• PROBLEM
Retype the material that follows exactly, limited to the lines from the one with "Výběr významných pozemkových" through the one with "This beautifully detailed", and keep out all pictures.

• GIVEN DATA
- - - - - - -
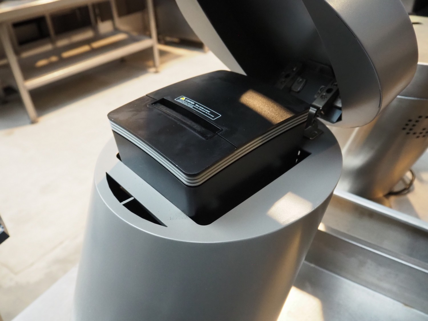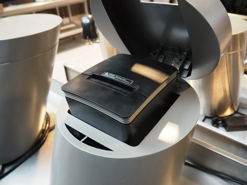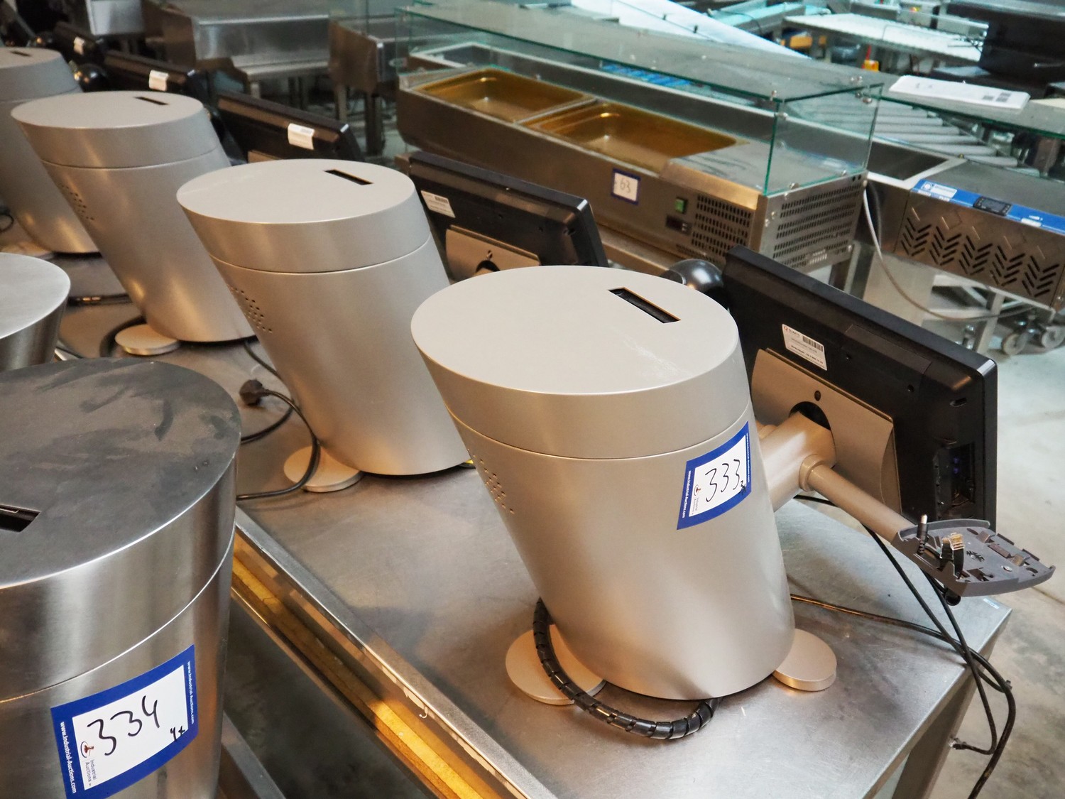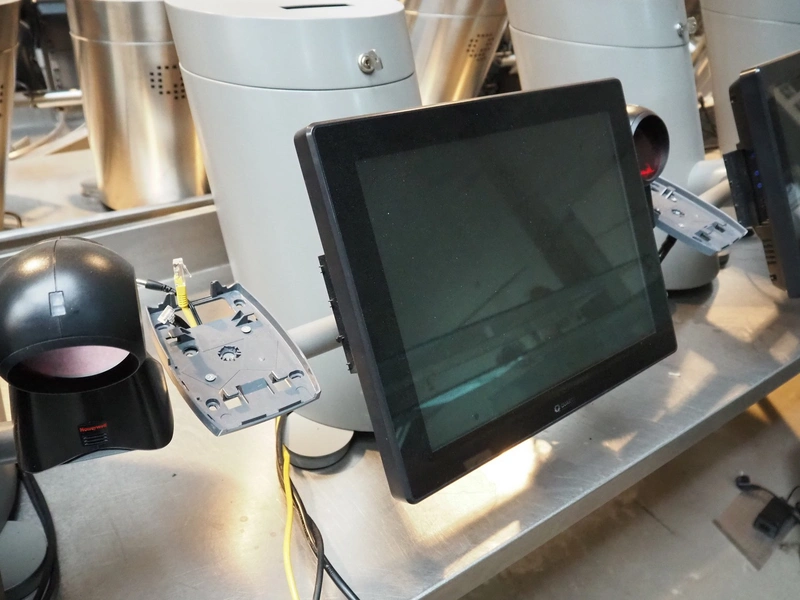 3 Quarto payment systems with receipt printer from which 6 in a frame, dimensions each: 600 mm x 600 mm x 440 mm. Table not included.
- - - - - - -
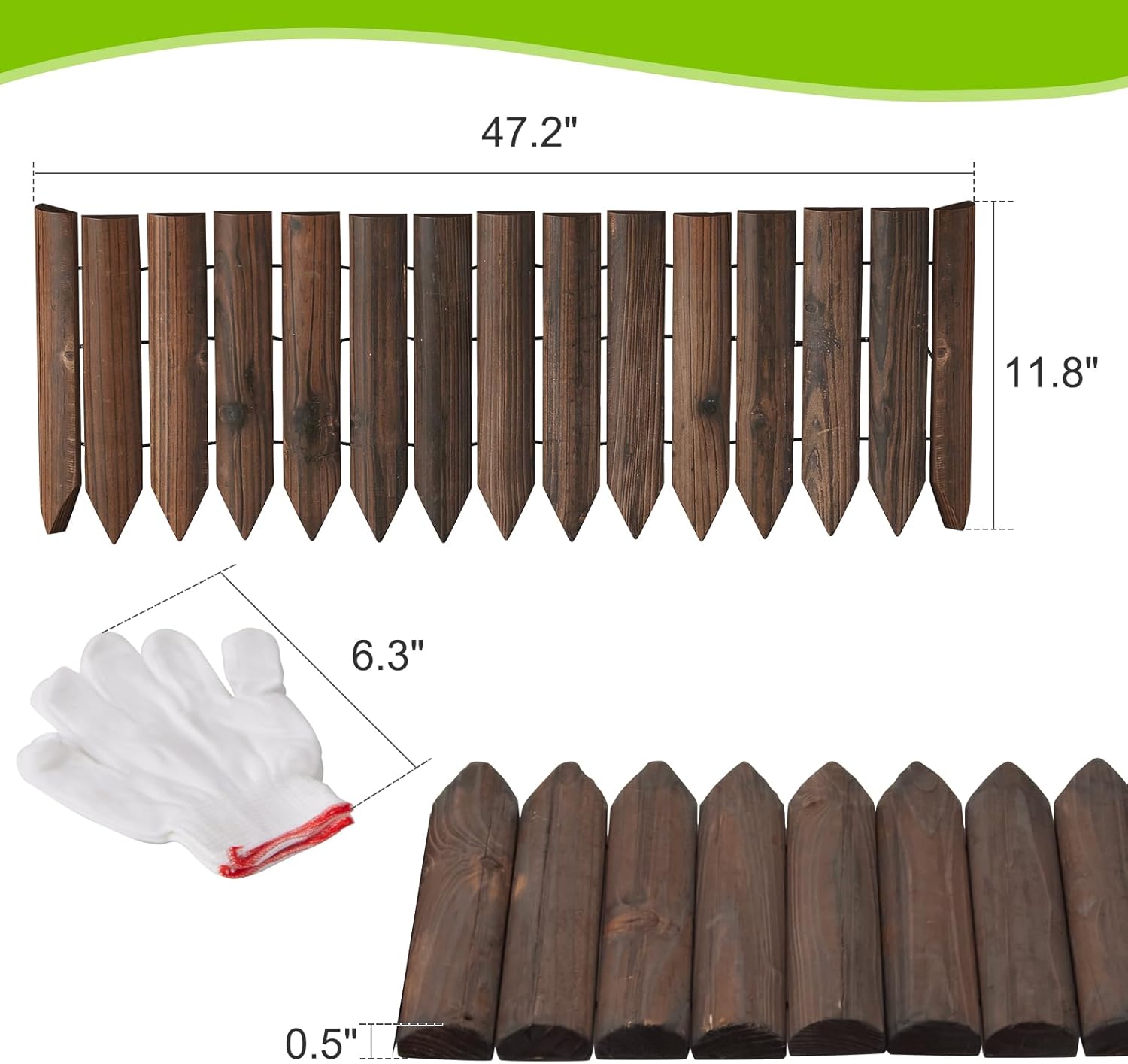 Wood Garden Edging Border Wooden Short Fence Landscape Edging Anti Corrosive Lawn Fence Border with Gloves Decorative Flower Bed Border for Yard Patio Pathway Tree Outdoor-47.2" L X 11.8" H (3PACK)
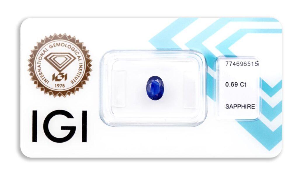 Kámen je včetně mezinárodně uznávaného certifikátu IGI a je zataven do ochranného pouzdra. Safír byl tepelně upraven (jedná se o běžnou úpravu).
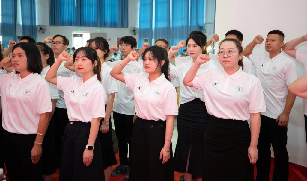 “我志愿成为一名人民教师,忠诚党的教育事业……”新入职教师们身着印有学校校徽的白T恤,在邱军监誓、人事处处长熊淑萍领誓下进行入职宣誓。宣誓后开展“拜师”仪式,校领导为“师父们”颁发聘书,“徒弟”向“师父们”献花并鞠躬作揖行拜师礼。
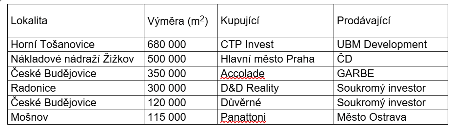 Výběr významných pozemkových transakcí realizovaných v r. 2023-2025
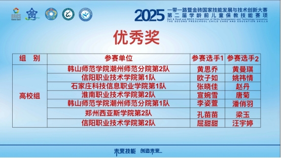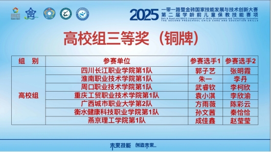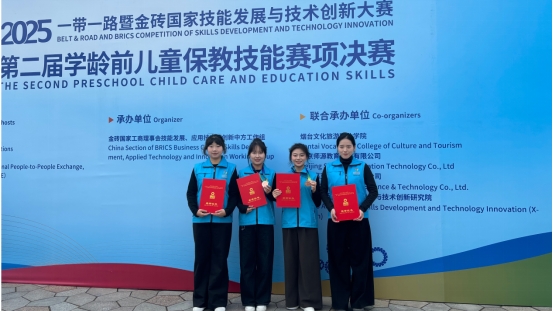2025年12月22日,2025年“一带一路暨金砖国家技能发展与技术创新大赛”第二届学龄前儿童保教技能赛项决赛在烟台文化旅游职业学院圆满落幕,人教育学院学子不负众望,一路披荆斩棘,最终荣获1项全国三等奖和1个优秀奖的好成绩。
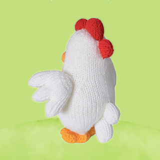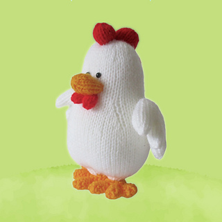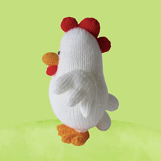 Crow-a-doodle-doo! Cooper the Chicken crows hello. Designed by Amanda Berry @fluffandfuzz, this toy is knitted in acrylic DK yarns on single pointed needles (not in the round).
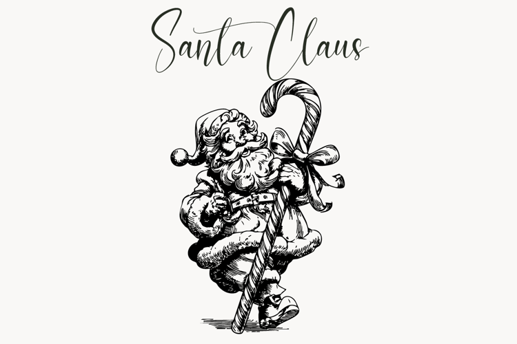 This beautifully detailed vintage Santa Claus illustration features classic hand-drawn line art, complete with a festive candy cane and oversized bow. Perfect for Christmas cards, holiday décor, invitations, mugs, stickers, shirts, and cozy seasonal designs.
- - - - - - -
• REPLY TO THE EXERCISE
 Výběr významných pozemkových transakcí realizovaných v r. 2023-2025
2025年12月22日,2025年“一带一路暨金砖国家技能发展与技术创新大赛”第二届学龄前儿童保教技能赛项决赛在烟台文化旅游职业学院圆满落幕,人教育学院学子不负众望,一路披荆斩棘,最终荣获1项全国三等奖和1个优秀奖的好成绩。
 Crow-a-doodle-doo! Cooper the Chicken crows hello. Designed by Amanda Berry @fluffandfuzz, this toy is knitted in acrylic DK yarns on single pointed needles (not in the round).
 This beautifully detailed vintage Santa Claus illustration features classic hand-drawn line art, complete with a festive candy cane and oversized bow. Perfect for Christmas cards, holiday décor, invitations, mugs, stickers, shirts, and cozy seasonal designs.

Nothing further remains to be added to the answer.